The emh package allows you to test the effeciency of any univariate zoo time series object in R.

The package achieves this using the following methodology,

- Downsample the data into a number of subfrequencies
- Run a suite of statistical tests of randomness on each subfrequency
- Aggregate the results (p values, Z scores, etc.) in a data.frame and return it

In addition to randomness tests emh also includes a number of stochastic process models.

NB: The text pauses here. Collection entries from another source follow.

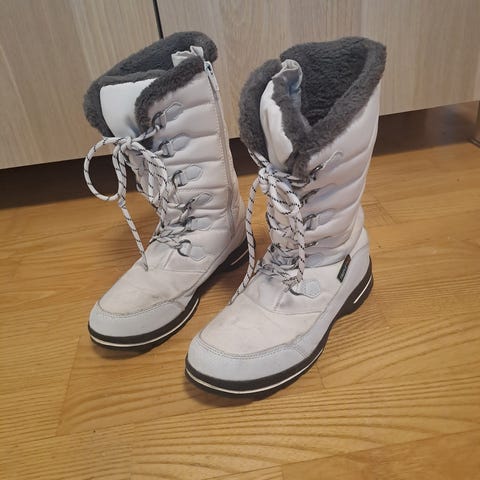 Kiinteä läppä, kapea ja melko matala malli. Täältä ostin edullisesti pojalle pihakengiksi, olivat rintavaan jalkaan melko ahtaat. Muutaman kerran olivat ruohonleikkuussa käytössä, siitä värjäymää. Pieni viilto pohjan sivussa (katso kuva). Muutoin hyvinkin siistit ja käyttökuntoiset. Juuri pesty.
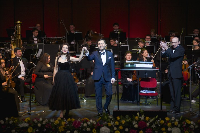 Вполне ожидаемо, что в зале на 1250 человек не было ни одного свободного места. С приветственным словом перед слушателями выступил министр культуры и спорта РК Арыстанбек Мухамедиулы. "Музыкальная жизнь Казахстана развивается быстрыми темпами. Солистка "Астана Опера" Мария Мудряк, 2 года назад завоевав звание лауреата самого престижного конкурса вокалистов "Опералия" Пласидо Доминго, который проходил в Астане, буквально за короткое время достигла колоссальных успехов. Сегодня Мария блистает на лучших сценах мира. Отрадно, что недавно Мария выступила с большим успехом в партии Виолетты из оперы "Травиата" Верди на сцене Королевского театра Маската (Оман), где дирижировал сам маэстро Пласидо Доминго. Все мы помним историю, как девочка из Павлодара стала обладательницей гранта "Болашак", автором этой программы является Лидер нации Нурсултан Назарбаев. И сегодня мы имеем возможность услышать прекрасное пение Марии Мудряк. Также этим вечером выступит замечательный тенор, ведущий солист "Астана Опера" Медет Чотабаев, который стал обладателем престижной первой премии Международного конкурса имени Глинки (Москва). Его также с удовольствием приглашают выступать в лучшие театры мира. Оркестром будет дирижировать прославленный музыкант Илья Машкевич", - отметил Арыстанбек Мухамедиулы.
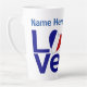 Esta gran taza de café con leche personalizada incluye la palabra "AMOR" en letras azules, con una bandera francesa en forma de corazón como "O". Programas de diseño en dos lados de la taza. Es un gran regalo para las celebraciones del Día del Padre, el Día de la Madre o el Día de la Bastilla. Perfecto para reuniones de amigos o familiares, también hace un Navidad genial o un regalo de Hanukkah.
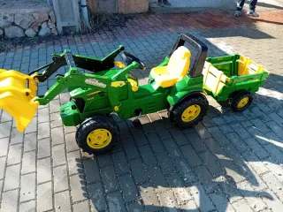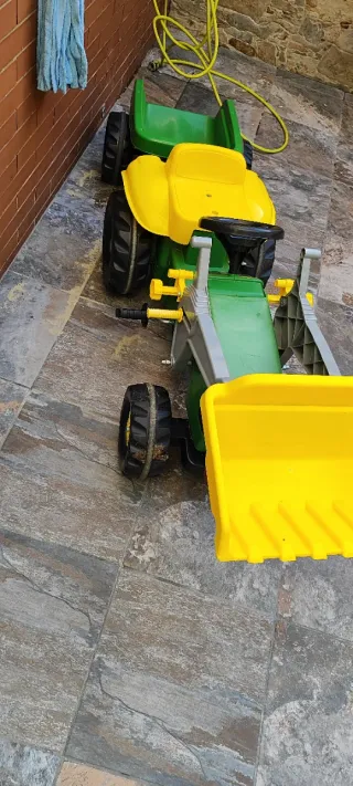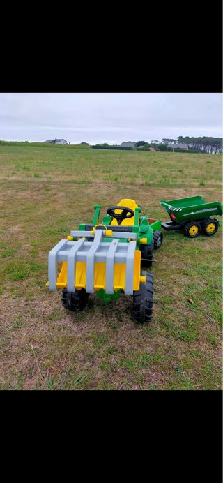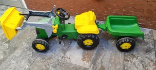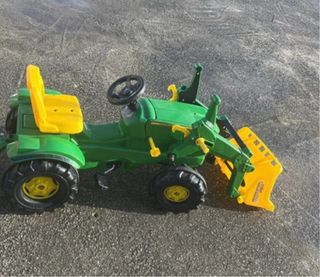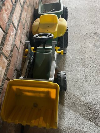 Tractor a pedales de la marca John Deere, ideal para que los más pequeños disfruten al aire libre. - Diseño robusto y colorido. - Pala frontal. - Volante. - Ruedas grandes. En perfecto estado. No incluye remolque pero si el enganche.

The first step to using the package is to download it and install it using the devtools R package

In [1]:

```
library(devtools)
suppressMessages(install_github(repo="stuartgordonreid/emh",
force = TRUE))
```

Now check that you can load the package,

In [2]:

```
suppressMessages(library(emh))
```

The emh package includes a few functions which allow you to download a bunch of global stock market indices from Quandl.com right off the bat. You can, of course, also pass in your own data. I recommend sticking with zoo objects when using emh because of how the downsampling works.

In [3]:

```
# This may take some time. Use the S3, $ operator to see the datasets.
global_indices <- emh::data_quandl_downloader(data_quandl_indices())
```

Generating a data.frame with the results from each of the randomness tests is as easy as passing a zoo object into the is_random function in emh. This function will downsample the data into multiple lower frequencies and run a battery of tests on each subfrequency.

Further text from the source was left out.